Financial Statements and Exhibits.

(d) Exhibits

 

Exhibit
No.

  

Description

99.1    Press Release, dated July 29, 2021
104    The cover page from this Current Report on Form 8-K, formatted in Inline XBRL

 

1


SIGNATURE

Pursuant to the requirements of the Securities Exchange Act of 1934, the Company has duly caused this Current Report on Form 8-K to be signed on its behalf by the undersigned hereunto duly authorized.

 

    CAPITAL ONE FINANCIAL CORPORATION
Date: July 29, 2021     By:  

/s/ Matthew W. Cooper

    Name:   Matthew W. Cooper
    Title:   General Counsel
EX-99.1

Exhibit 99.1

 

LOGO

Capital One Announces Full Redemption of Its Series E Preferred Stock

Full Redemption of Its Fixed-to-Floating Rate Non-Cumulative Perpetual Preferred Stock, Series E

MCLEAN, Va., July 29, 2021 — Capital One Financial Corporation (NYSE: COF) today announced that it will redeem all outstanding shares of its Fixed-to-Floating Rate Non-Cumulative Perpetual Preferred Stock, Series E, $0.01 par value per share (“Series E Preferred Stock”).

All one million outstanding shares of the Series E Preferred Stock (CUSIP: 14040HBH7) will be redeemed at a price of $1,000 per share of preferred stock on the dividend payment date of September 1, 2021.

Regular dividends on the outstanding shares of the Series E Preferred Stock of $10.05516556 per share will be paid separately on September 1, 2021, to holders of record as of the close of business on August 16, 2021, in the customary manner.
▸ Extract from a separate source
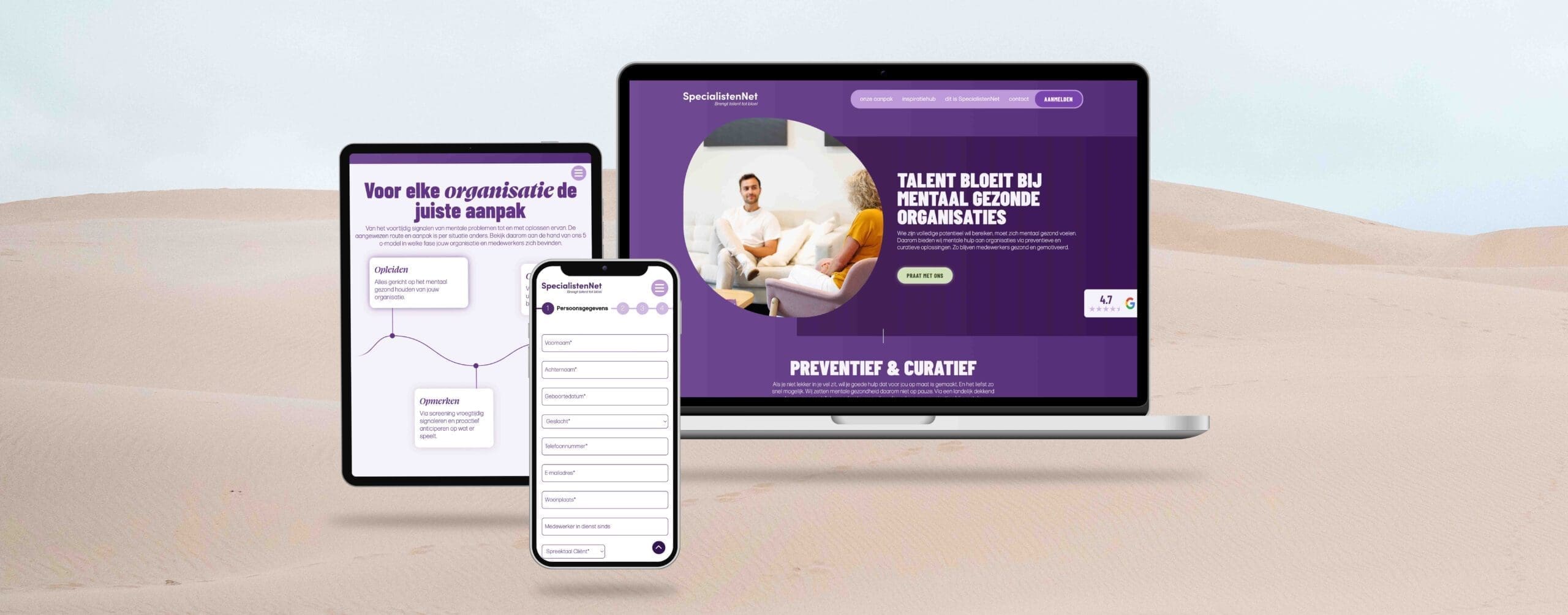 De herpositionering leidde tot een aangepaste tone-of-voice en nieuwe pay-off: “Brengt talent tot bloei“. Omdat SpecialistenNet al beschikte over een brandbook, is de nieuwe visuele identiteit verwerkt in het bestaande boek. Voor de nieuwe website hebben we een contentshoot verzorgd bij SpecialistenNet op locatie en in de Soester Duinen. Omdat het marketingteam van SpecialistenNet actief content creĆ«ert, is de website daarnaast voorzien van diverse functionaliteiten waarmee SpecialistenNet zelf eenvoudig content beheert. Tot slot hebben wij voor de campagne diverse concepten uitgedacht en voorgelegd.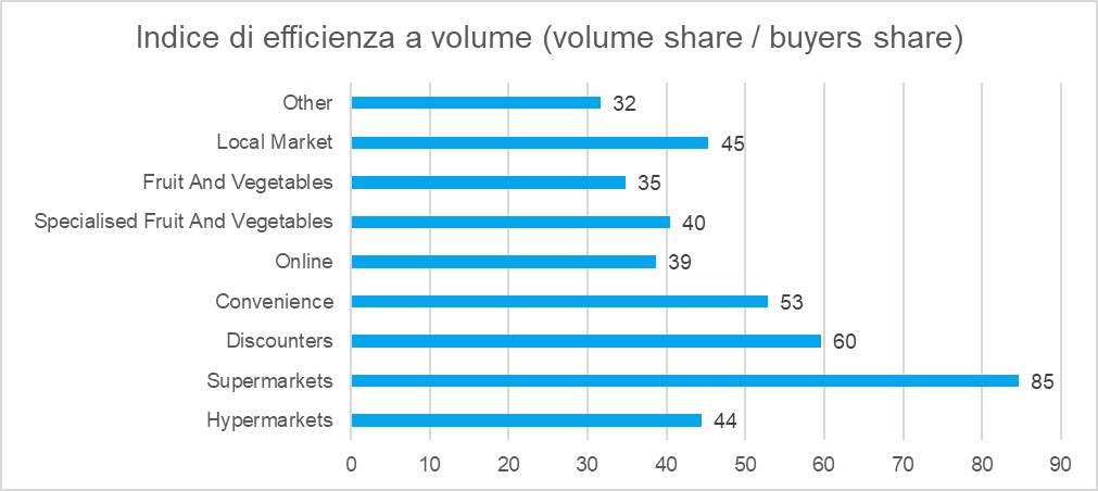Il supermercato si conferma il canale più efficiente nel tradurre la presenza degli acquirenti in acquisti. Al secondo posto il canale convenience; in una fascia media di efficienza si trovano discount e ipermercati, mentre nelle posizioni più basse ci sono l’e-commerce e il dettaglio specializzato. Questi ultimi attraggono pochi consumatori, i quali acquistano anche relativamente meno che negli altri canali.

Accordingly, the redemption price for the Series E Preferred Stock will not include any accrued and unpaid dividends. On and after the redemption date, all dividends on the shares of Series E Preferred Stock will cease to accrue.

The Series E Preferred Stock is held through The Depository Trust Company (“DTC”) and will be redeemed in accordance with the procedures of DTC. Payment to DTC for the Series E Preferred Stock will be made by Computershare Trust Company, N.A., as redemption agent, in accordance with the Transfer Agency and Service Agreement and the Redemption Agent Agreement that govern the redemption of the Series E Preferred Stock. The address for the redemption agent is as follows:

Computershare Trust Company, N.A.

Attn: Corporate Actions

150 Royall St.

Canton, MA 02021

Forward-Looking Statements

Certain statements in this release may constitute forward-looking statements, which involve a number of risks and uncertainties. Capital One cautions readers that any forward-looking information is not a guarantee of future performance and that actual results could differ materially from those contained in the forward-looking information due to a number of factors, including those listed from time to time in reports that Capital One files with the Securities and Exchange Commission, including, but not limited to, the Annual Report on Form 10-K for the year ended December 31, 2020.


About Capital One

Capital One Financial Corporation (www.capitalone.com) is a financial holding company whose subsidiaries, which include Capital One, N.A., and Capital One Bank (USA), N.A., had $306.3 billion in deposits and $423.4 billion in total assets as of June 30, 2021. Headquartered in McLean, Virginia, Capital One offers a broad spectrum of financial products and services to consumers, small businesses and commercial clients through a variety of channels. Capital One, N.A. has branches located primarily in New York, Louisiana, Texas, Maryland, Virginia, New Jersey and the District of Columbia. A Fortune 500 company, Capital One trades on the New York Stock Exchange under the symbol “COF” and is included in the S&P 100 index.